Kota Ternate merupakan salah satu kota di Indonesia yang masuk dalam program Kota Inklusif Ketahanan Iklim atau Climate Resilient & Inclusive Cities (CRIC) periode 2021-2025. CRIC adalah salah satu proyek dari United Cities and Local Governments Asia Pacific (UCLG-ASPAC) yang didanai Uni Eropa dengan wilayah kemitraan berada di Asia Tenggara, Asia Selatan dan Eropa.
Program ini merupakan wadah untuk mengusulkan kerjasama unik dan berkepanjangan antara kota-kota dan pusat penelitian di Eropa, Indonesia dan negara-negara lain di Asia Tenggara, serta berkontribusi kepada pembangunan perkotaan yang terintegrasi dan berkelanjutan, good governance, dan adaptasi dan mitigasi iklim.
Melalui program yang difasilitasi oleh Asosiasi Pemerintah Kota Se-Asia Pasifik ini, Tauhid mengatakan dirinya berkomitmen untuk mengatasi permasalahan sampah dengan cara memberikan edukasi dan melalui kebijakan untuk mendorong perilaku masyarakat hidup bersih.
“Peran Kelompok ibu-ibu juga sangat penting, karena mereka merupakan ujung tombak PKK di tingkat Kelurahan sampai tingkat Kecamatan, untuk mengajak masyarakat hidup bersih serta melibatkan semua unsur, prinsipnya penanganan sampah ini harus serius, sehingga masyarakat lebih memahami lingkungan, bahwa pesisir itu bukan tempat akhir pembuangan sampah.”

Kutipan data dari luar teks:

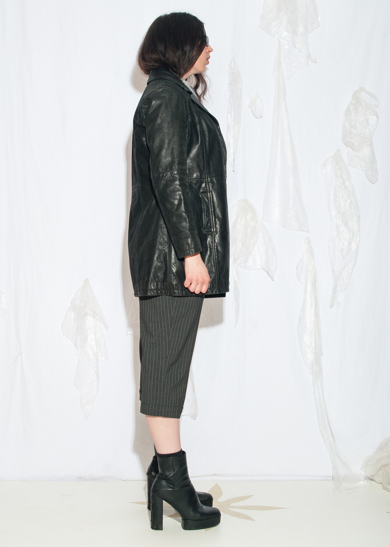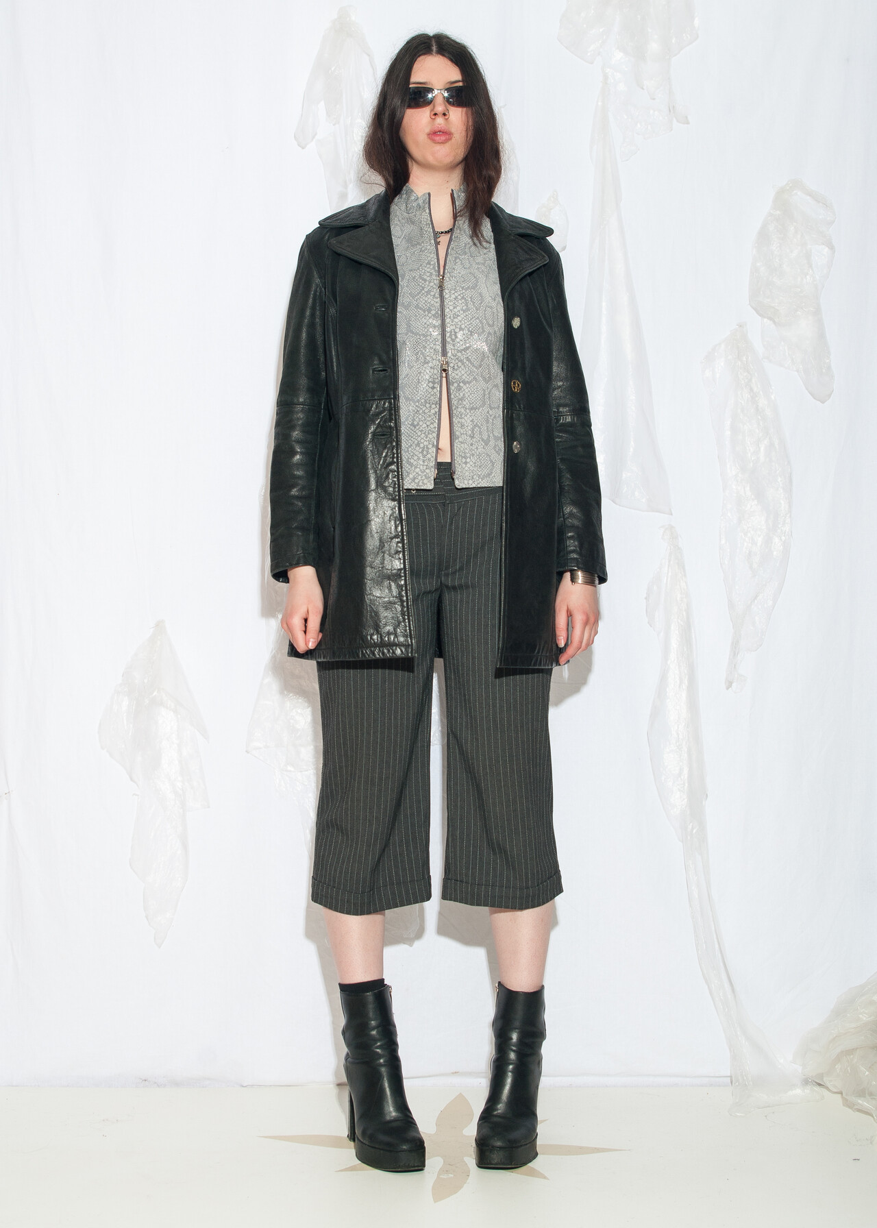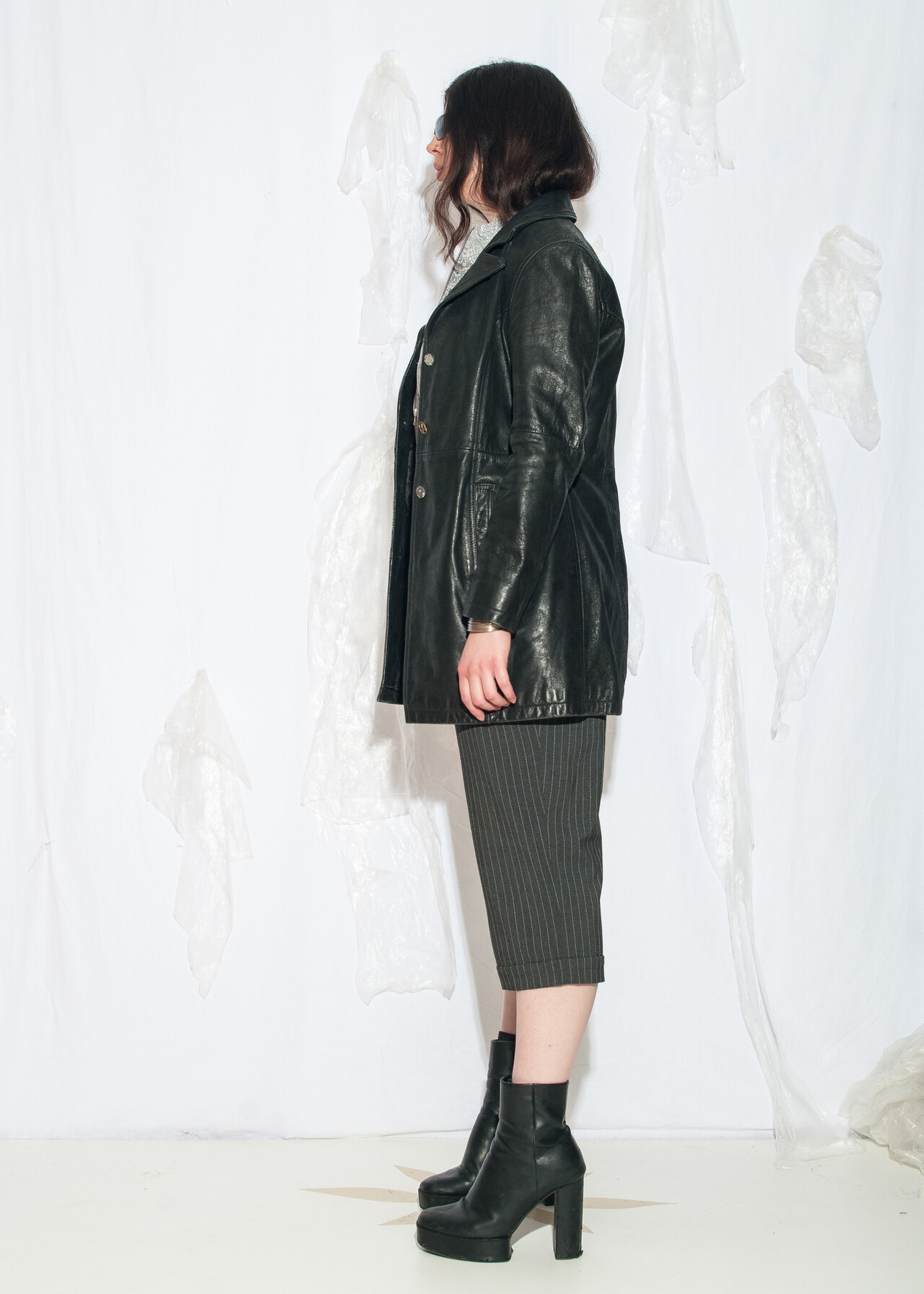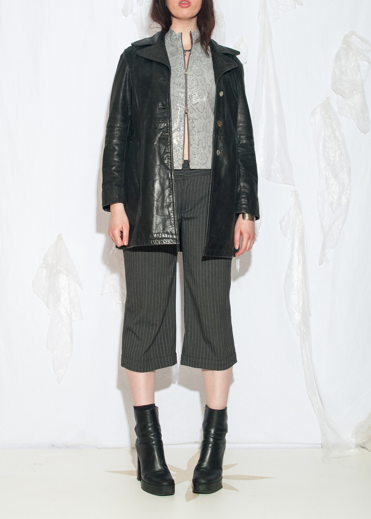 Tags: 2000s style fashion, blazer cut jacket, chunky jacket, European vintage, grunge outfit, real leather coat, upcycled, whimsigoth look, y2k vintage clothing

M. Tauhid Soleman, Wali Kota Ternate
Tauhid bilang penanganan sampah sudah termasuk salah satu visi dan misi pemkot Ternate dalam lima tahun kedepan, untuk itu upaya penanganan sampah perlu segera dilakukan untuk mewujudkan lingkungan yang sehat dan menerapkan aksi mitigasi dan adaptasi perubahan iklim.

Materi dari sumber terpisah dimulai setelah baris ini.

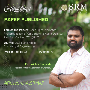 In a remarkable contribution to the field of green chemistry, Dr Jaidev Kaushik, Assistant Professor in the Department of Chemistry, has published a significant research paper titled “Green Light Promoted Photoreduction of Carbonate to Acetic Acid by Zinc Ash-Derived ZCu@ZnO” in the prestigious Q1 journal, ACS Sustainable Chemistry & Engineering, with an impressive impact factor of 7.1.
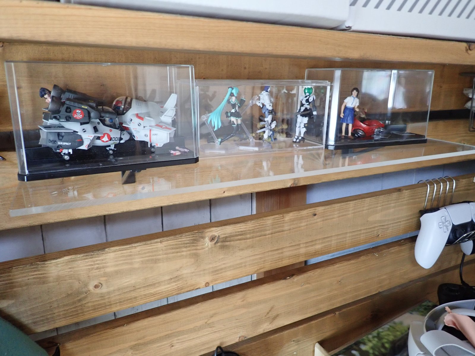物置も兼ねて1x4にかけられるアクリル棚を作ってみました。 アクリル板は16cm×54cmで、5mm厚の物を使用しています。

Tauhid menambahkan dirinya bertanggung jawab dalam menjalankan tugas dan fungsinya sebagai Kepala Daerah untuk mewujudkan aksi perubahan iklim terutama pada penangan sampah.
Artikel ini merupakan bagian dari “Story Grant Peliputan Lingkungan Hidup” yang diadakan Ekuatorial dan Masyarakat Jurnalis Lingkungan Indonesia (SIEJ), dan terbit pertama kali di Haliyora.id pada tanggal 29 Oktober 2021.